I am not involved with that sort of thing, with scheduling those meetings where the Senator can give out awards and look up the skirts of Brownie Scouts. I am what you might call his non-social secretary, the guardian of his intelligence, the protector of his positions, the paladin of his integrity and consistency (making sure that he says today more or less what he said yesterday).

  But the lunch. I just hope you are satisfied, fully satisfied, with the fruits of that little get-together.

  Don’t say I didn’t send a little birdie to sing in your ears a little tune: “Tweet, tweet, oh lovely day, don’t try to see Thurmond, oh wail-a-way.” I told you it would be a miserable waste of time.

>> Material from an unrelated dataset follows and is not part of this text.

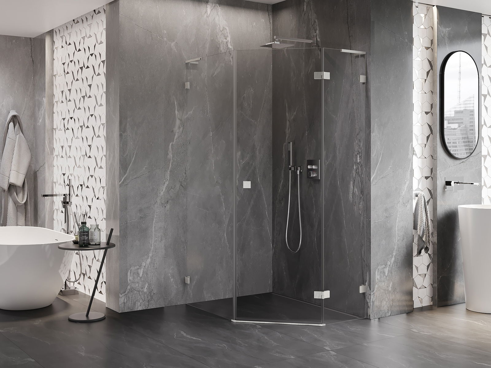 Скобите и пантите са изработени от много издръжлив месинг и създават плосък стъклен панел. Това е отличен избор, който съчетава елегантност, издръжливост и модерен дизайн. Благодарение на такива решения, душът придобива естетика и същевременно улеснява поддържането на чистота.

  You thought you could get straight to the horse’s mouth. But you have to turn the horse around first.

  Why did you do it?

  I am not sure I can go on walking under the dark clouds of distrust, wetted by your suspicions and petty qualms. Do you suppose you’re the only ones with qualms? Well, think again. You suppose I don’t have qualms, what with never seeing any write-ups of that rich material I have sent you over and over. Oh yes, I have my qualms.

  The difference between us is that I would never have farted them, those qualms, in your faces. It’s a matter of honor and charity. I have them; some don’t.

  You know, I am trained in the deadlier forms of martial arts, the kinds that make no pretense about being for self-defense. No, mine are of the attack mode exclusively. No oriental occultism, no spiritual enlightenment, just ways to splay noses over seven counties and drive bone into brain.

  I mention this in a friendly way, just to lighten a letter that might seem to be veering into the heavy. I expect we all have our little hobbies and harmful happinesses. You do too, I am sure. They make life so much fuller, I feel. In my case, they also provide me with a certain aura and a reputation. Both the aura and the reputation I can back up, not that I mean any part of that as a threat.